In 1974 Vangelis moved to London and set up a studio or sound  laboratory which was his creative base for more than 10 years. From it emerged tricky original musical works in which he pioneered the use of the electronic synthesizer. Although he has championed the use of electronics in music, he sees the dehumanising effect of computers creating music.

"I put first the human being and then the machine. I see the computer being at the service of the human being. There is nothing wrong with science and machines if they are used as tools of the musicians."

Obvious

"I started very, very early. It was obvious to me that synthesizers were a continuation of the modern instruments. They were much more adaptable than other instruments. Sound is very important and synthesizers give you the key to go into unknown areas more than any other conventional instrument. I love every instrument because every instrument makes a unique sound. But a synthesizer can copy sounds and make up its own sounds."

Vangelis says his only opposition to synthesizers is the way their makers design them.

"I want an instrument that I can involve myself with, that I can have a love affair with. I have to be able to talk to the instrument like you talk to a computer. Sometimes if the answer is a bit slow you lose the immediacy. The way that electronic music is created today unfortunately does not help the creativity of the composer. That's why so many electronic records sound the same - the musicians are obliged to go through the same system of computerised music and end up with the same result whether you want it or not. It is very, very difficult."

The new Vangelis album Themes features five haunting soundtrack themes available for the first time. There is the slow piano melody from Costa Gavras' political thriller Missing, two pieces from Bladerunner which did not appear on the soundtrack, the opening music from Mutiny On The Bounty and the theme from Japanese director Kurahara's masterpiece Antarctica. In deciding the films he will score Vangelis never reads the script.

"It's dangerous to read the script.
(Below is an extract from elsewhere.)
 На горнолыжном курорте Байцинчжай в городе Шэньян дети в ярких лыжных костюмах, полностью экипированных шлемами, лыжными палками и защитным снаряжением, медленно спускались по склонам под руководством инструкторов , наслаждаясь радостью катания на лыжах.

As soon as you do that you create your own movie. I always see the film before I decide," he says. "No matter what I do, whether it is a ballet or a film, I have to feel something about it. I never look at it as a business proposition."

Humble

He has written soundtracks for a wide range of films from documentaries to political thrillers to science fiction.

"I never asked myself whether these films would be successful or not. Something like Chariots was quite a humble production with a low budget. Nobody thought it was going to be successful. Most of the films I'm interested in do not have the recipe for success."
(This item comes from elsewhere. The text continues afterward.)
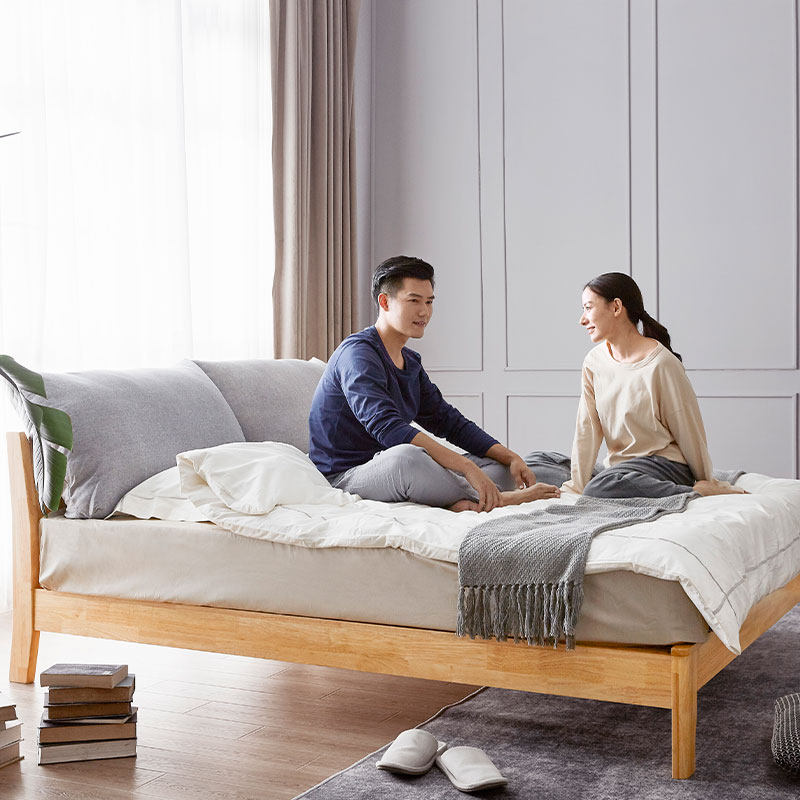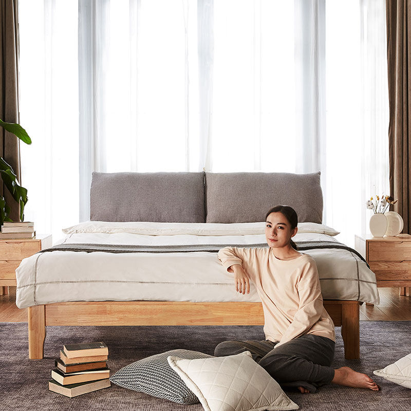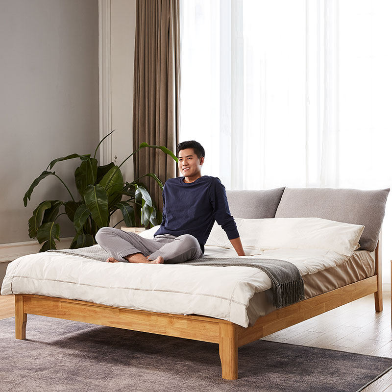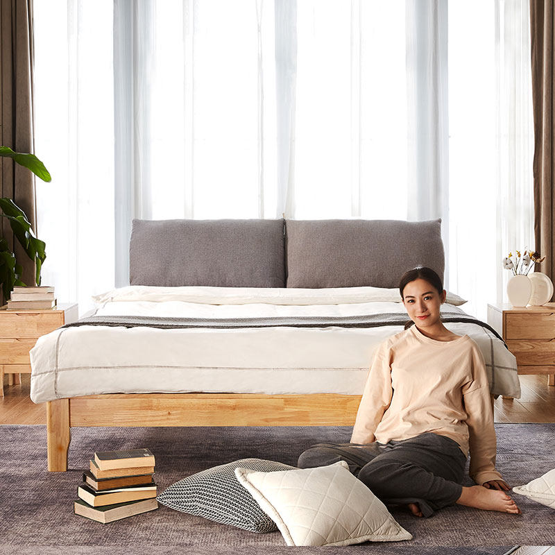 Red Star Macalline self-operated totoro Xiansensen breath solid wood simple bed 1 .8m double bed bedroom soft wrapped bed
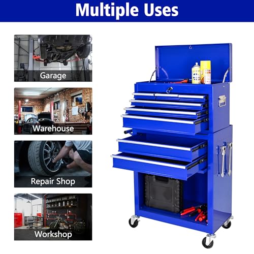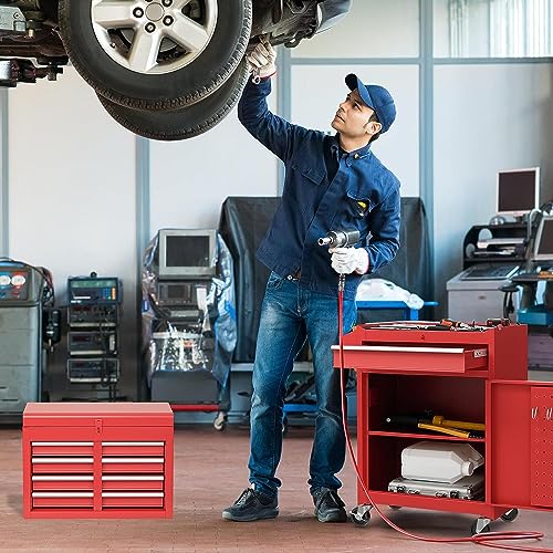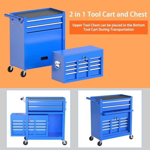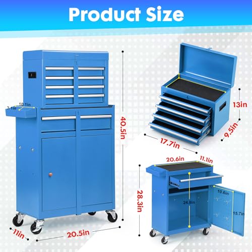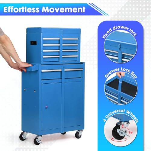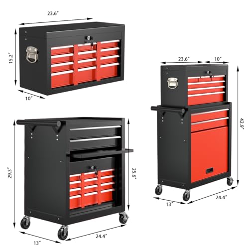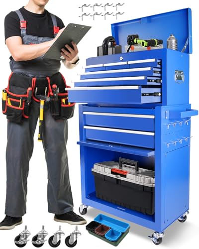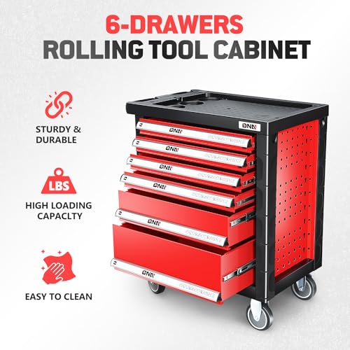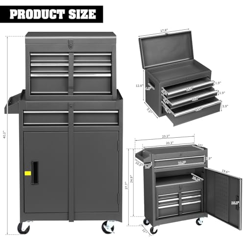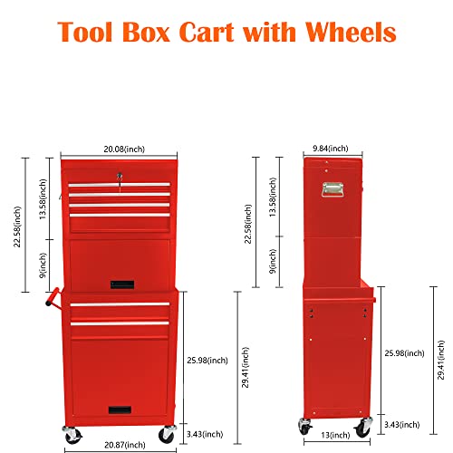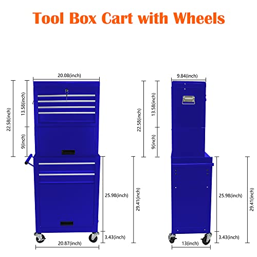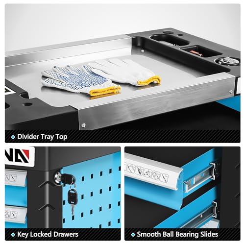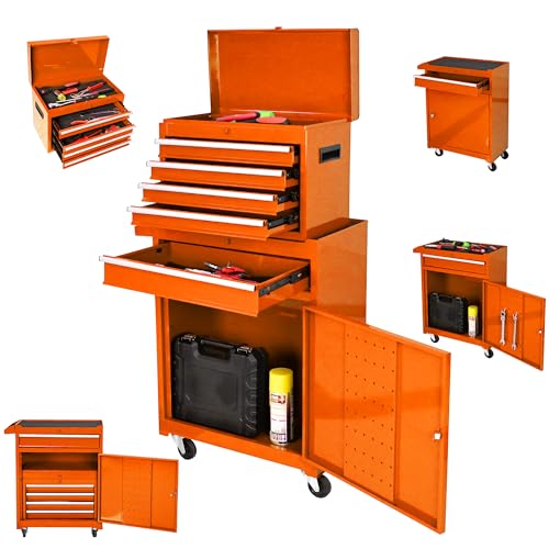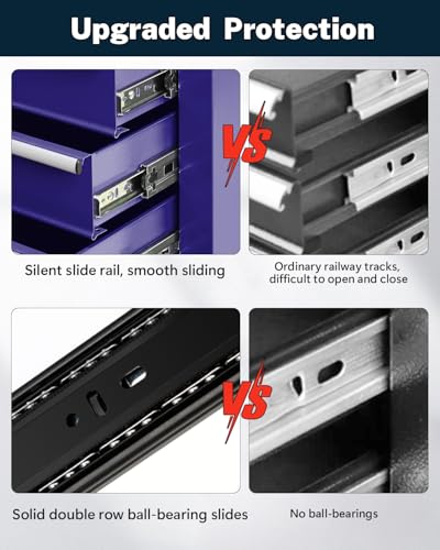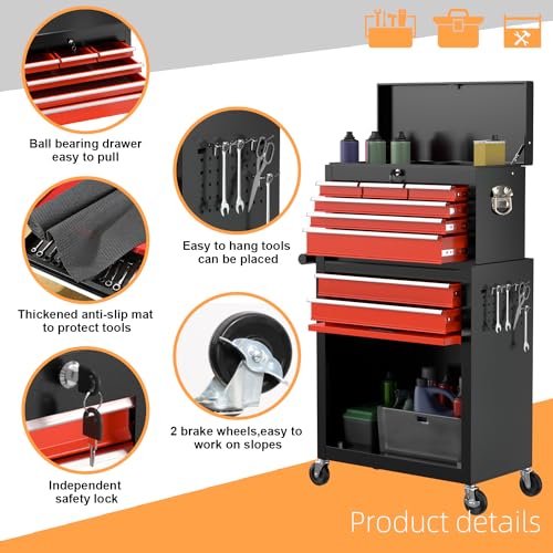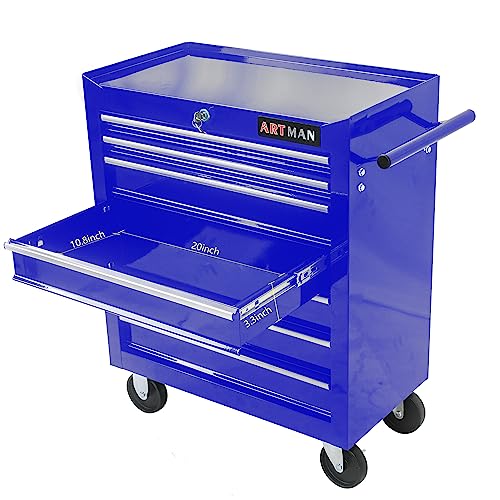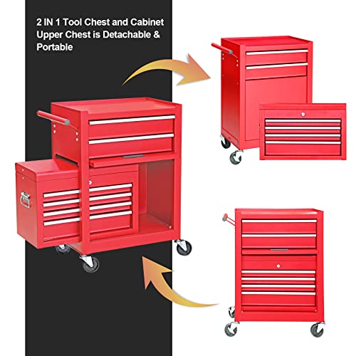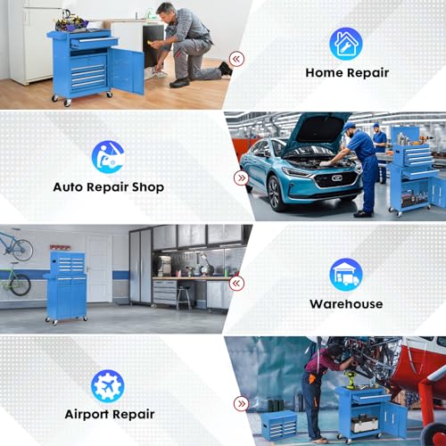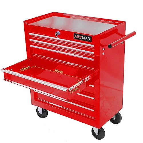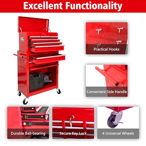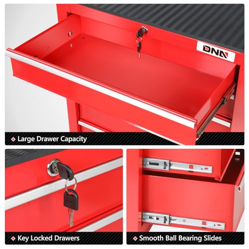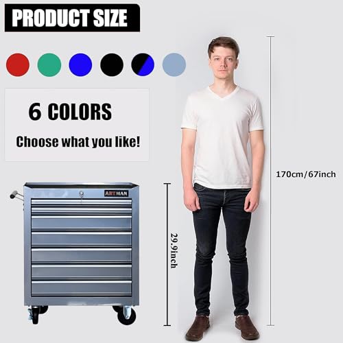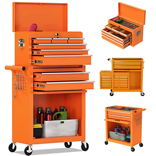 7-Drawer Rolling Toolbox,Tool Box with 360° Lockable Wheels and Padded Feet,Tool Chest with Keyed Locking System and Drawer Liners,can be Combined Storage System with Tool Chest

Since his early days in Greece Vangelis has been very interested in ethnic music. His album Odes made with Irene Papas is a collection of traditional Greek songs and in 1983 he created the stunning electronic score for Michael Kakayanis' staging of Elektra at the historic amphitheatre at Epidauros in Greece. His music is truly international and he is able to create musical portraits of many different countries.

"Australia has very important ethnic music. I believe that all the ethnic musics of the world have common points, because they refer to the common truths, the biological laws and cosmic laws."

And how has he managed over the space of 20 albums to come up with an unlimited supply of melodies?

"Well, I think melody is around us inspace. It's in nature. We are bathing in sound. We either hear it or we don't hear it. If we make ourselves available it comes to us. I'm no more than a radar that receives a message from the spheres."

Vangelis has never travelled to Australia and seldom performs live. His current preoccupation is with his studio and the creation of even more different kinds of music.

He says: "I don't know what I'll be doing tomorrow. It could be another film score. Who knows!"